• DATASET EXTRACT:
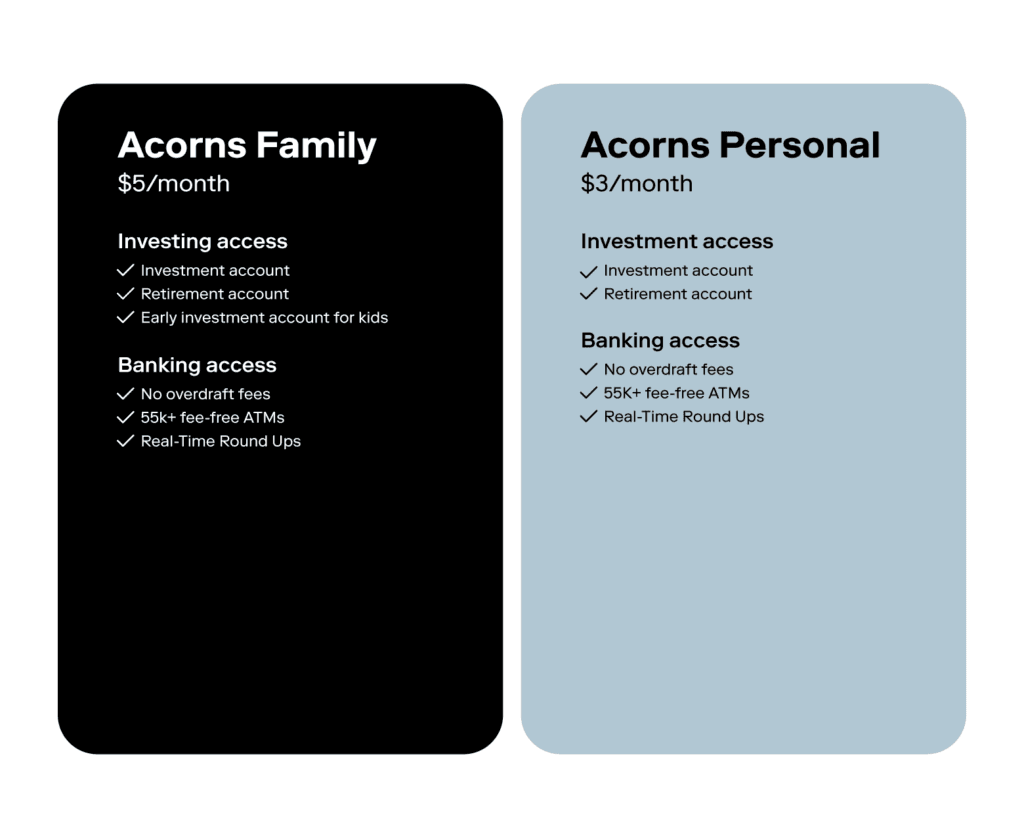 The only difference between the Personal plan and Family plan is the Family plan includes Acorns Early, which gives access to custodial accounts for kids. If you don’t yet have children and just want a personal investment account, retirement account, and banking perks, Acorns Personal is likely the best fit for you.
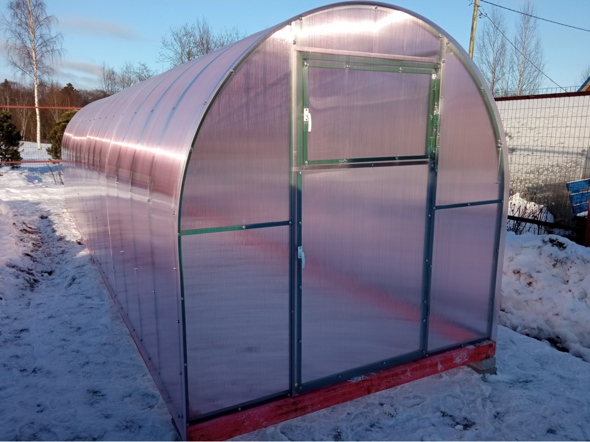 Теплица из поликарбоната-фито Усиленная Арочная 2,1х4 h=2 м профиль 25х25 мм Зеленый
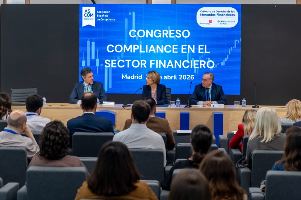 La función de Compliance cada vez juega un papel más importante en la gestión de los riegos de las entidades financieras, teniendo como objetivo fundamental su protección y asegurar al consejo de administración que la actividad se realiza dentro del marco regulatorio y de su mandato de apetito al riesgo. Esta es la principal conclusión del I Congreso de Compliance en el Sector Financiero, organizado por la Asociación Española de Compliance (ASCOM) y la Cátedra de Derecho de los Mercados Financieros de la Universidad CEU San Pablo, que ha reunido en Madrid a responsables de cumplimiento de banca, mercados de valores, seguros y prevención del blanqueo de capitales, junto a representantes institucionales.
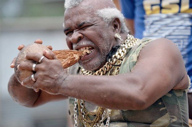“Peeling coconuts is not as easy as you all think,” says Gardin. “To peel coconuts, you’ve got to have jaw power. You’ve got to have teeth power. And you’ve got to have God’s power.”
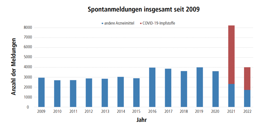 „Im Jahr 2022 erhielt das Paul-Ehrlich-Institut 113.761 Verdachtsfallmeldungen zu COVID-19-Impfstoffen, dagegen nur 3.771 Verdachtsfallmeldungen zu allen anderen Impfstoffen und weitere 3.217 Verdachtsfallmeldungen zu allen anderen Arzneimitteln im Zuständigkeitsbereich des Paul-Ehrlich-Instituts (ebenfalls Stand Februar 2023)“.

---

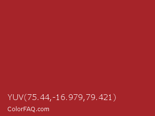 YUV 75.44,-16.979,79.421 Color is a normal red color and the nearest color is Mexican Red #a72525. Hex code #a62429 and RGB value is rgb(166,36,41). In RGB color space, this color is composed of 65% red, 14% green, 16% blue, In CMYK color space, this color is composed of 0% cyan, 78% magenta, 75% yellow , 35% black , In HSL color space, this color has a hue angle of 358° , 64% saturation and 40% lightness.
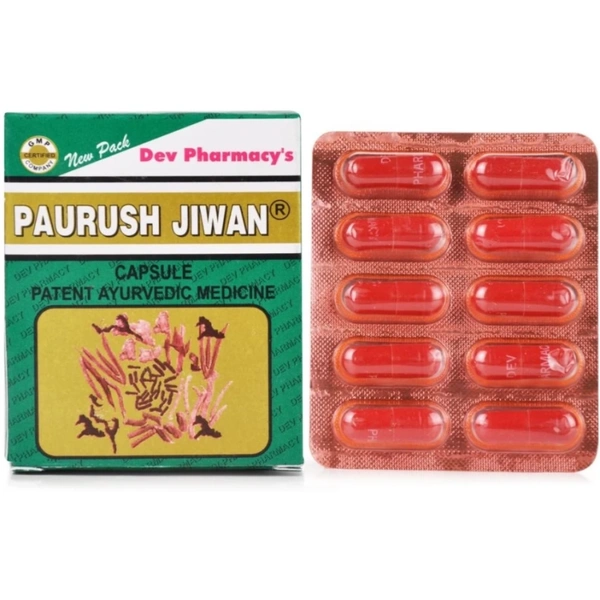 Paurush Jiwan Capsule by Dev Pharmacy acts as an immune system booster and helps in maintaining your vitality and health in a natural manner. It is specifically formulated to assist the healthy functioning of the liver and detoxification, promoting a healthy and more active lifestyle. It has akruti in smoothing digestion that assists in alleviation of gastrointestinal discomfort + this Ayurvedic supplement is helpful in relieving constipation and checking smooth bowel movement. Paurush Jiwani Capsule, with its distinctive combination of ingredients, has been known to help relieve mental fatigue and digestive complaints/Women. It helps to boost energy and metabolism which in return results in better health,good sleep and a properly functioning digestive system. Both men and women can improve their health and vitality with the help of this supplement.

• ACTIVITY:
Each line between the one holding "La función de" and the one holding "Jahr 2022 erhielt", inclusive, should be copied exactly as it appears above, and pictures should be omitted.

• ANSWER TO THE EXERCISE:
 La función de Compliance cada vez juega un papel más importante en la gestión de los riegos de las entidades financieras, teniendo como objetivo fundamental su protección y asegurar al consejo de administración que la actividad se realiza dentro del marco regulatorio y de su mandato de apetito al riesgo. Esta es la principal conclusión del I Congreso de Compliance en el Sector Financiero, organizado por la Asociación Española de Compliance (ASCOM) y la Cátedra de Derecho de los Mercados Financieros de la Universidad CEU San Pablo, que ha reunido en Madrid a responsables de cumplimiento de banca, mercados de valores, seguros y prevención del blanqueo de capitales, junto a representantes institucionales.
“Peeling coconuts is not as easy as you all think,” says Gardin. “To peel coconuts, you’ve got to have jaw power. You’ve got to have teeth power. And you’ve got to have God’s power.”
 „Im Jahr 2022 erhielt das Paul-Ehrlich-Institut 113.761 Verdachtsfallmeldungen zu COVID-19-Impfstoffen, dagegen nur 3.771 Verdachtsfallmeldungen zu allen anderen Impfstoffen und weitere 3.217 Verdachtsfallmeldungen zu allen anderen Arzneimitteln im Zuständigkeitsbereich des Paul-Ehrlich-Instituts (ebenfalls Stand Februar 2023)“.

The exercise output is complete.